> **Task directions**: Nothing but the pictures is dropped; write out all the remaining data below exactly.

> **Dataset content**:
=== Section Start ===
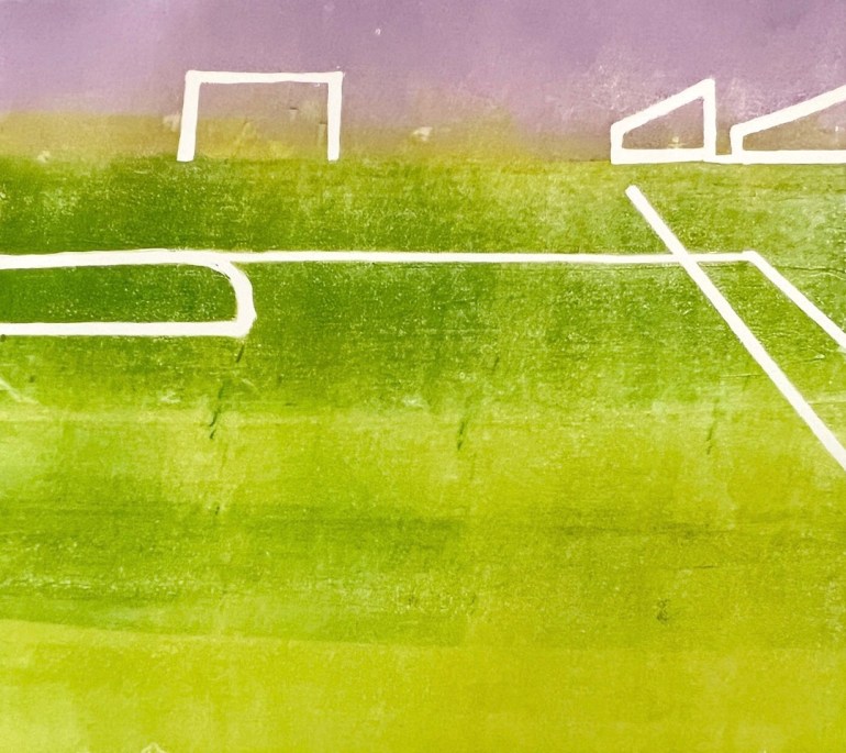 Meg’s inspiration for these pieces and the series following was prompted by a walk through Battle Point Park. The geometry seemed to be its own language playing against these large areas of color and light insinuating a a sense of serenity.
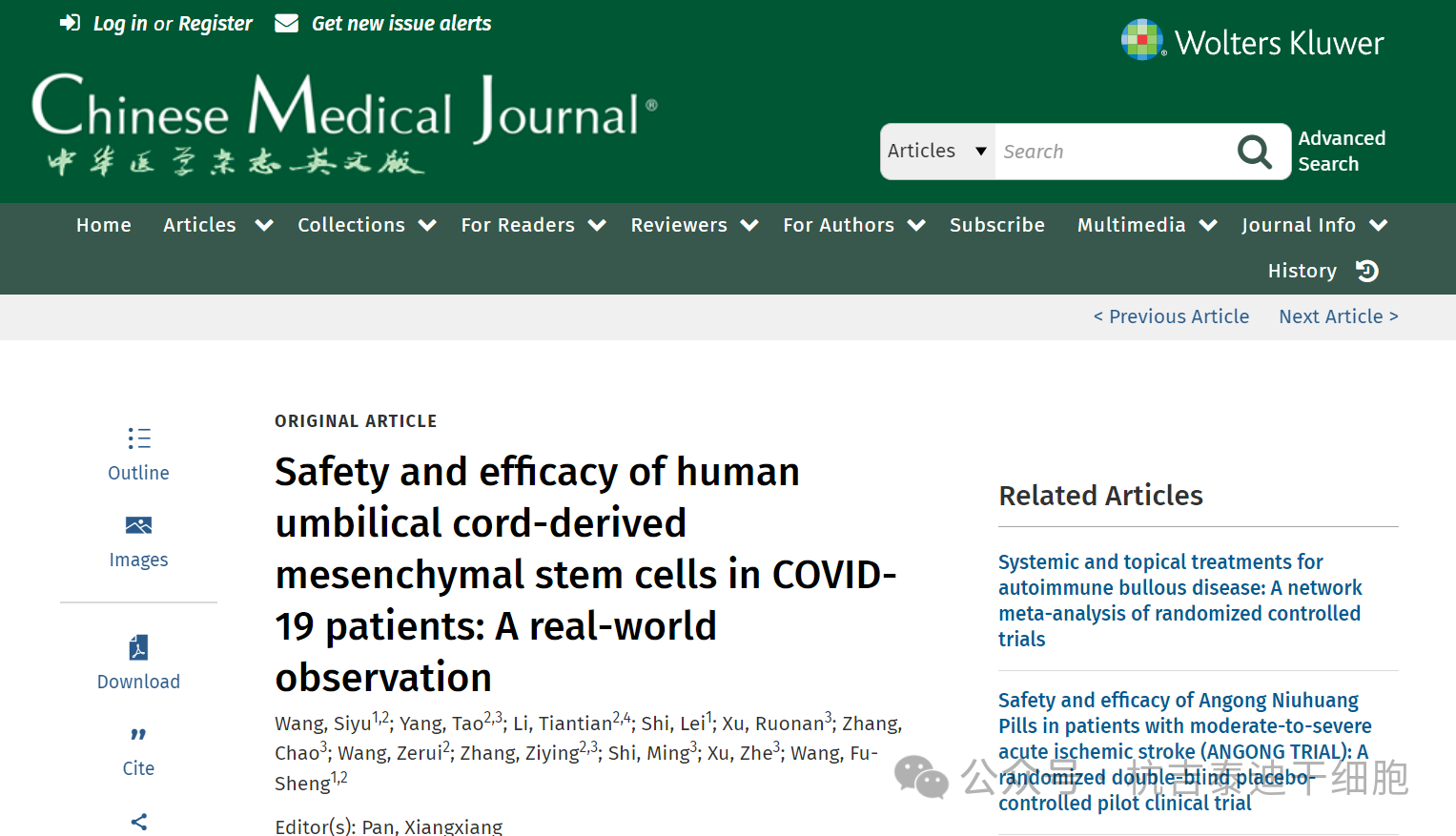 首次通過長(zhǎng)達(dá)3年的前瞻性隨訪評(píng)估了臍帶間充質(zhì)干細(xì)胞(UC-MSCs)治療重癥新冠肺炎(COVID-19)患者的長(zhǎng)期效果。
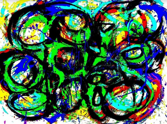 Raznovrsna kombinatorika sukladnog gibanja krugova ili bučna sudarajuća igra ovala u volumenima kolora, koji se spretno prelojevaju s jednog na drugi kraj vwelikog formata, ostavljajući za sobom vidljive oznake kretanja, znakove svoga postojanja i svoga življenja.
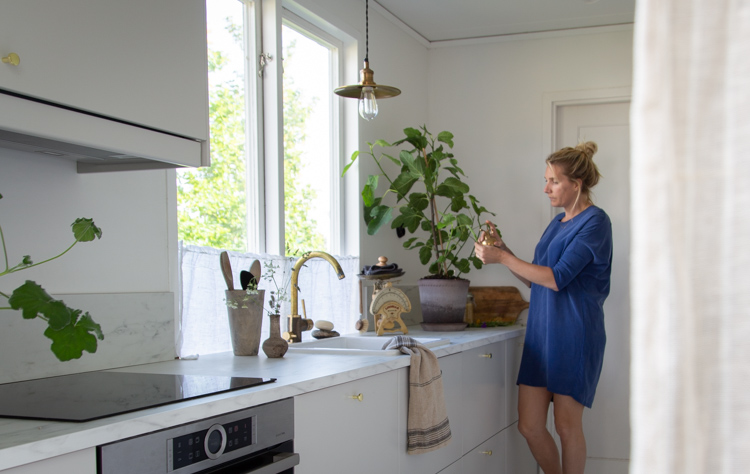 I think this area is my favourite. Since the house is quite old, the window height isn’t standardised, so we hung a linen curtain (which my Mother-in-law found at a flea market) behind the sink to stop things falling down behind the countertop and add a hint of traditional Swedish cottage style. The sink is the porcelain Havsen from IKEA and the tap – which I LOVE – is by Tapwell (see the get the look below). The latter was a little bit more of an investment, but I completely fell in love with the rich patina and love the feel of it when in use – and am so happy I went all out with the it.
=== Section End ===
> **Task solution**:
 Meg’s inspiration for these pieces and the series following was prompted by a walk through Battle Point Park. The geometry seemed to be its own language playing against these large areas of color and light insinuating a a sense of serenity.
 首次通過長(zhǎng)達(dá)3年的前瞻性隨訪評(píng)估了臍帶間充質(zhì)干細(xì)胞(UC-MSCs)治療重癥新冠肺炎(COVID-19)患者的長(zhǎng)期效果。
 Raznovrsna kombinatorika sukladnog gibanja krugova ili bučna sudarajuća igra ovala u volumenima kolora, koji se spretno prelojevaju s jednog na drugi kraj vwelikog formata, ostavljajući za sobom vidljive oznake kretanja, znakove svoga postojanja i svoga življenja.
 I think this area is my favourite. Since the house is quite old, the window height isn’t standardised, so we hung a linen curtain (which my Mother-in-law found at a flea market) behind the sink to stop things falling down behind the countertop and add a hint of traditional Swedish cottage style. The sink is the porcelain Havsen from IKEA and the tap – which I LOVE – is by Tapwell (see the get the look below). The latter was a little bit more of an investment, but I completely fell in love with the rich patina and love the feel of it when in use – and am so happy I went all out with the it.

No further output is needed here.